Anyhow we are now in Chang Klong. Our hotel, all teak wood flooring and faulty mosquito screens, is right beside the mighty Mekong. And it is mighty. Children play in its waters, while across its breadth, Laos faces us. At the hotel entrance a small chained monkey scampers back and forth pathetically. I swear I saw it licking its own urine experimentally. Poor thing must be so bored. Apart from this little pocket of distress, the sun is golden, the atmosphere is calm, and we are all very happy. And we have a banquet in 2 hours time.

By the way, I just noticed the Oscars are on tomorrow. What are they?

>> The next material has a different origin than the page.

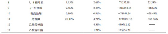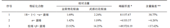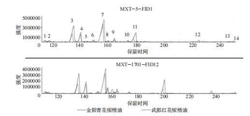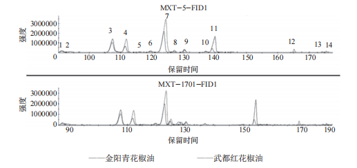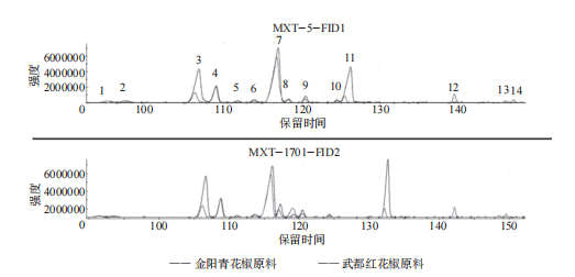 花椒作物在我國很多地區(qū)都有種植,花椒的揮發(fā)油是花椒香氣的主要來源,也是反映花椒香氣的主要指標(biāo),花椒中揮發(fā)油的含量及組成成分不僅受到花椒品種、產(chǎn)地環(huán)境因子(如產(chǎn)地氣候、雨量、日照時(shí)間、土質(zhì)等)的影響,還受到提取加工方法、提取部位和采收時(shí)期等外在因素的影響。 超快速氣相電子鼻技術(shù)具有分析速度快、靈敏度高和檢測(cè)費(fèi)用低等優(yōu)點(diǎn)。超快速氣相電子鼻將雙快速氣相色譜檢測(cè)與基于多變量統(tǒng)計(jì)的強(qiáng)大數(shù)據(jù)處理和感官及化學(xué)表征(Arochembase)的可選模塊相結(jié)合,利用超快速氣相電子鼻技術(shù),解析不同品種花椒及花椒提取物揮發(fā)性化合物,通過主成分分析建立產(chǎn)品有效判別模型,同時(shí)解析花椒物質(zhì)構(gòu)成。 不同產(chǎn)地花椒原料、花椒精油產(chǎn)品、花椒油產(chǎn)品、nC6-nC16標(biāo)準(zhǔn)溶液。 超快速氣相電子鼻;零空氣發(fā)生器;氫氣發(fā)生器;20mL頂空進(jìn)樣瓶,電子天平。 花椒:取0.2g花椒顆粒于20mL頂空進(jìn)樣瓶中,迅速加蓋密封檢測(cè),設(shè)置3個(gè)平行樣品,降低檢測(cè)誤差。 花椒精油:將花椒精油搖晃均勻后,取20uL于20mL頂空進(jìn)樣瓶中,加蓋密封檢測(cè),每個(gè)樣品設(shè)置3個(gè)平行樣。 花椒油:將花椒油搖晃均勻后,使用電子天平稱取0.1g于20mL頂空進(jìn)樣瓶中,加蓋密封檢測(cè),設(shè)置3個(gè)平行樣品。 花椒原料:樣品量0.2g,進(jìn)樣體積500uL,孵化溫度80℃,孵化時(shí)間20min,50℃恒溫30s,1℃/s速率升溫至80℃恒溫30s,3℃/s速率升溫至125℃恒溫10s,3℃/s速率升溫至250℃恒溫11s。 花椒精油:取樣量100μL,捕集溫度40℃,孵化溫度60℃,孵化時(shí)間10min,載氣流量30mL/min;進(jìn)樣量1000uL,進(jìn)樣口溫度200℃,閥溫度為250℃;FID溫度260℃,升溫程序:初始溫度45℃,保持35s,1.0℃/s升至70℃,保持30s,0.5℃/s升至140℃,3.0℃/s升至250℃,保持21s,采集時(shí)間共計(jì)288s。花椒油:取樣量0.1g,捕集溫度40℃,孵化溫度60℃,孵化時(shí)間20min,載氣流量30mL/min;進(jìn)樣量500uL,進(jìn)樣口溫度200℃,閥溫度為260℃,F(xiàn)ID溫度為260℃,升溫程序:初始溫度50℃,保持30s,1.0℃/s升至85℃,保持30s,1.0℃/s升至125℃,保持10s,3.0℃/s升至250℃,保持10s,采集時(shí)間共計(jì)197s。 將裝有樣品的頂空小瓶按照順序依次放入樣品盤,每3個(gè)平行樣品后面放入一個(gè)空瓶,目的是為了消除樣品帶來的信號(hào)干擾,選擇程序進(jìn)行樣品分析。 使用Heracles超快速氣相電子鼻自帶軟件Alphasoft進(jìn)行樣品數(shù)據(jù)處理,明確揮發(fā)性風(fēng)味物質(zhì)種類與含量。 利用正構(gòu)烷烴標(biāo)準(zhǔn)溶液(nC6-nC16)進(jìn)行校準(zhǔn),進(jìn)行保留時(shí)間與保留參數(shù)之間的轉(zhuǎn)換,利用超快速氣相電子鼻自帶數(shù)據(jù)庫AroChembase數(shù)據(jù)庫對(duì)樣品中的成分進(jìn)行定性分析,采用峰面積歸一法對(duì)目標(biāo)化合物進(jìn)行定量分析,確定各香氣成分相對(duì)含量。 采用正構(gòu)烷烴標(biāo)準(zhǔn)溶液(nC6-nC16)對(duì)檢測(cè)方法進(jìn)行校準(zhǔn),結(jié)合超快速氣相電子鼻自帶AroChembase數(shù)據(jù)庫對(duì)樣品中主要揮發(fā)性成分進(jìn)行定性分析,推測(cè)得到匹配度高的化合物。 通過對(duì)比色譜圖(圖1)發(fā)現(xiàn),樣品間的出峰時(shí)間及出峰位置基本一致,峰面積間存在差異,說明樣品中揮發(fā)性成分的種類基本一致,含量上存在略微差異。 青花椒原料中共分析出11種含量較高成分,紅花椒原料中共分析出13種含量較高成分,乙酸芳樟酯與乙酸香葉酯在青花椒中未曾檢測(cè)出。通過計(jì)算,可知青、紅花椒不僅成分種類上有差異,各成分含量上同樣差異明顯。除1R-(+)-α-蒎烯、1,8桉葉素、乙酸芳樟酯、乙酸香葉酯外,其他成分均是青花椒中含量較紅花椒高。其中,青紅花椒原料中芳樟醇含量差別最大,差異最為明顯,D-檸檬烯含量差別較大,但相對(duì)偏差不大,推斷不是造成青紅花椒風(fēng)味不同的主要差異。乙酸芳樟酯、乙酸香葉酯僅存在于紅花椒原料中,由此可利用花椒原料產(chǎn)品中芳樟醇、乙酸芳樟酯、乙酸香葉酯含量區(qū)分花椒原料種類。 表1 武都紅花椒、金陽青花椒原料特征化合物相對(duì)含量與峰面積差異 青花椒精油中共分析出11種含量較高成分,紅花椒精油中共分析出13種含量較高成分,乙酸芳樟酯與乙酸香葉酯在青花椒中未曾檢測(cè)出,與原料表現(xiàn)一致。通過計(jì)算峰面積差值和含量偏差可知,乙酸芳樟酯等酯類物質(zhì)僅存在于紅花椒中。1R-(+)-α-蒎烯、月桂烯、D-檸檬烯、1,8桉葉素在紅花椒精油中含量較高,其他組分在青花椒精油中含量較高,和原料情況不一致,可能和提取工藝有關(guān)。其中芳樟醇含量差別最大,差異最為明顯,乙酸芳樟酯、乙酸香葉酯僅存在于紅花椒精油產(chǎn)品中,由此可利用花椒精油產(chǎn)品中檜烯、β-蒎烯、芳樟醇含量和乙酸芳樟酯、乙酸香葉酯等酯類物質(zhì)存在與否來區(qū)分花椒精油種類。 表2 武都紅花椒精油、金陽青花椒精油特征化合物相對(duì)含量與峰面積差異

Actually it's good to see 'Little Miss Sunshine' get attention (though best movie, I don't think so, and 'The Queen', fun though it is, is just filler in this category). Come on 'El Laberinto del Fauno' for Best Foreign Film, certainly the best foreign movie and in all honesty probably the best film nominated full stop. It is better than 'The Departed' for instance, which probably should get Best Picture, of those nominated. Best Actor, give it to Forrest Whittaker (even if his really is a supporting role), though it would be good to see Peter O'Toole honoured (I haven't seen 'Venus'). Best Actress, I haven't seen enough to comment really, but Helen Mirren does a great job and deserves it. Best Supporting Actor is tough; I'd love to see Alan Arkin get it (because he's brilliant), but Djimon Hounsou is impressive in 'Blood Diamond'. I suspect Eddie Murphy impresses in 'Dreamgirls' too, while Wahlberg does a standard supporting role creditably (Hounsou in contrast is practically the protagonist of 'Blood Diamond' and is certainly its soul). Best Supporting Actress is another really tough one, though Rinko Kikuchi is as raw as an actress can be in 'Babel'. And for Director? It's not a matter of whether 'The Departed' is his best work or not - it's solid, and the best job of those nominated - but if Scorsese is ignored again, the world will spin out of orbit and into the sun. Do not destroy life as we know it, Academy, give him the bloody Oscar!